Overall, the report findings indicated that the gaps between Mäori and non-Mäori education, employment, economic and health status were significant, and were either stabilised or widening.
Key Findings of the Closing the Gaps Report, 2000
All of the indicators in the report show that there is considerable disparity between Mäori and non-Mäori.
The report demonstrates that Mäori continue to experience:
 poorer health status
 lower income levels
 higher unemployment
 higher rates of prosecution and conviction
 attain fewer educational qualifications
 lower rates of living in owned homes than non-Mäori.
Overall, there have been few reductions in disparity since the last Closing the Gaps report, and in those areas where Mäori rates have been improving, corresponding improvements in the status of non-Mäori mean that disparities between Mäori and non-Mäori are not closing.
Poorer outcomes for Mäori are evident from the start of life:
 Mäori infants are more likely to die than non-Mäori infants
 Mäori children are less likely than non-Mäori to be participating in early childhood education, an area that is important for future educational development.
Disparities continue to exist throughout childhood and young adulthood
 Mäori are leaving secondary school with much lower levels of qualifications than non-Mäori
 majority of young Mäori are leaving school with qualification levels that will disadvantage them when attempting to gain access to quality post school education and employment
 Mäori youth are less likely to move directly into tertiary education than non-Mäori, and are far less likely to be participating in formal tertiary education
 Mäori are over represented in second chance schemes, such as the Training Opportunities Programme (TOPs).
There are significant disparities between Mäori and non-Mäori social and economic status throughout adulthood
 Mäori unemployment and long term unemployment rates continue to be significantly higher than for non-Mäori
 Mäori are also less likely to be participating in the labour force
 Mäori incomes are lower than those for non-Mäori
 Mäori are more likely to require government assistance or to be totally dependent on a benefit
 This impacts on Mäori access to adequate housing, Mäori health status, and contributes to the much higher offending and victimisation rates within the Mäori community.
So What is the Government’s Closing the Gaps Policy?
The gaps between Mäori and non-Mäori are especially apparent in areas such as housing conditions and home ownership, educational achievement, rates and periods of unemployment, health status, numbers of prison inmates and children and young persons in need of care, protection and control.
This Government has agreed it will work to close those gaps because they have an impact not just on Mäori people’s ability to participate in all aspects of the life of New Zealand, but also on their ability to manage and control their own development. So the Government’s priority sectors for closing the gaps are health, housing, education, employment, justice, welfare and business and enterprise development.
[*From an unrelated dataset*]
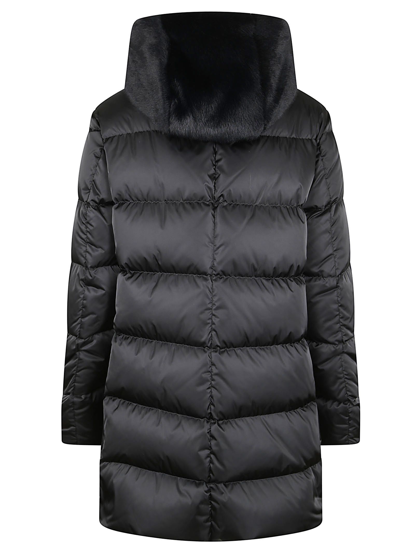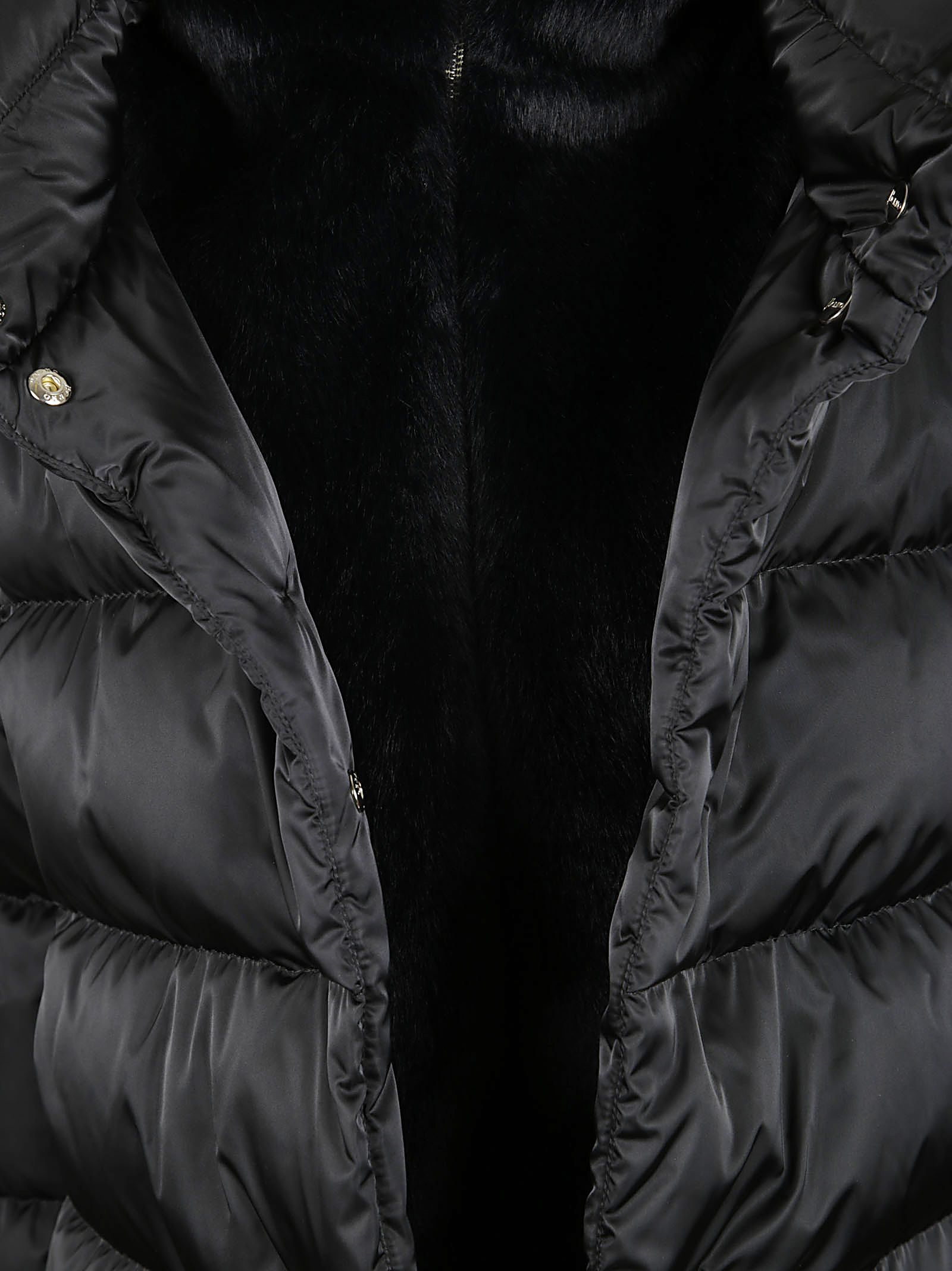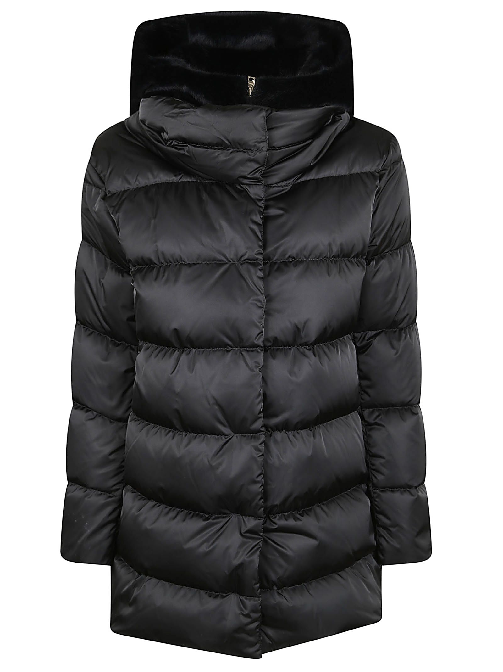 A-Shape in raso BY HERNO.Maniche lunghe; cappuccio fisso; tasche a filetto; doppia chiusura con zip nascosta da bottoni.Imbottitura in piuma d`oca.Dettaglio cappuccio in pelliccia cruelty-free tono su tono.
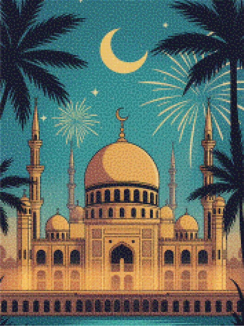 ¿Estás buscando una salida creativa, una actividad divertida para toda la familia? Esto es posible con nuestro set completo y profesional de Diamond Painting – Fuegos Artificiales de Mezquita. Con él podrás crear los más bellos cuadros en casa. El lienzo de alta calidad y transparencia te permite realizar una obra de arte impresionante en poco tiempo. Libera tu creatividad con tus propias creaciones. Diamond Painting es el pasatiempo perfecto para ti solo o para disfrutar en familia.

The closing the gaps policy provides the Government with further impetus to focus its attention on its own departments, strategies and systems, to produce positive results for Mäori. The Government expects its departments to improve their contributions to make a positive difference to the health, housing, education, employment, justice, welfare and business and enterprise outcomes for Mäori. In my view, this suggests departments will need to be responsive to the needs, interests and priorities of Mäori.
It also suggests, to me, that departments will have to be more rigorous in the development and implementation of their strategies, policies, programmes and services in terms of whether they work well for Mäori.
Closing the Gaps means there is even more reason for departments to engage with whänau, hapü, iwi and Mäori organisations to deliver specified services to Mäori communities. However, it is a ‘needs-focused’ policy through which Mäori are treated as clients.
Iwi have a number of qualities that can enhance the ability of Government to meet its stated commitment to closing the gaps and support whänau, hapü and iwi self-determination through effecting a Treaty-based partnership.
For Mäori, the main point of the closing the gaps policy is to ensure Mäori are not prevented from having the best possible chance to lead, manage and control their own development. Until now, the disparities between Mäori and non-Mäori have had the potential to be seen as a record of the failings of Mäori people. This is neither sustainable nor appropriate. Closing the Gaps does signal, however, how much of the Government’s authority, expertise and resources need to be brought to bear to make a substantial difference to socio-economic outcomes for Mäori.
The ‘effectiveness audit’ of spending on Mäori across government departments would not be completed in time for the June 15 budget, so it was not possible to take funding from those departments for the new strategy. Extra funds would be injected into the Budget.
I am confident the Budget will show the Government’s commitment to closing the gaps in social and economic development between Mäori and Pakeha.
Capacity building is only part of the process. It’s an important part and certainly I expect it to be funded so that over the next 2½ years we are going to see iwi organisations and Maori organisations in other settings being able to take up this challenge.
And what is capacity-building?
Capacity-building is a sign that the Government considers whänau, hapü, iwi and Mäori generally have a unique part to play in creating an environment in which Mäori will realise their economic, political, social and cultural aspirations. Capacity-building focuses on enhancing capabilities so Mäori become the managers and controllers of their own development.
This means capacity-building should be an empowering process whereby Mäori have the chance to continue to drive, formulate and implement their own development strategies.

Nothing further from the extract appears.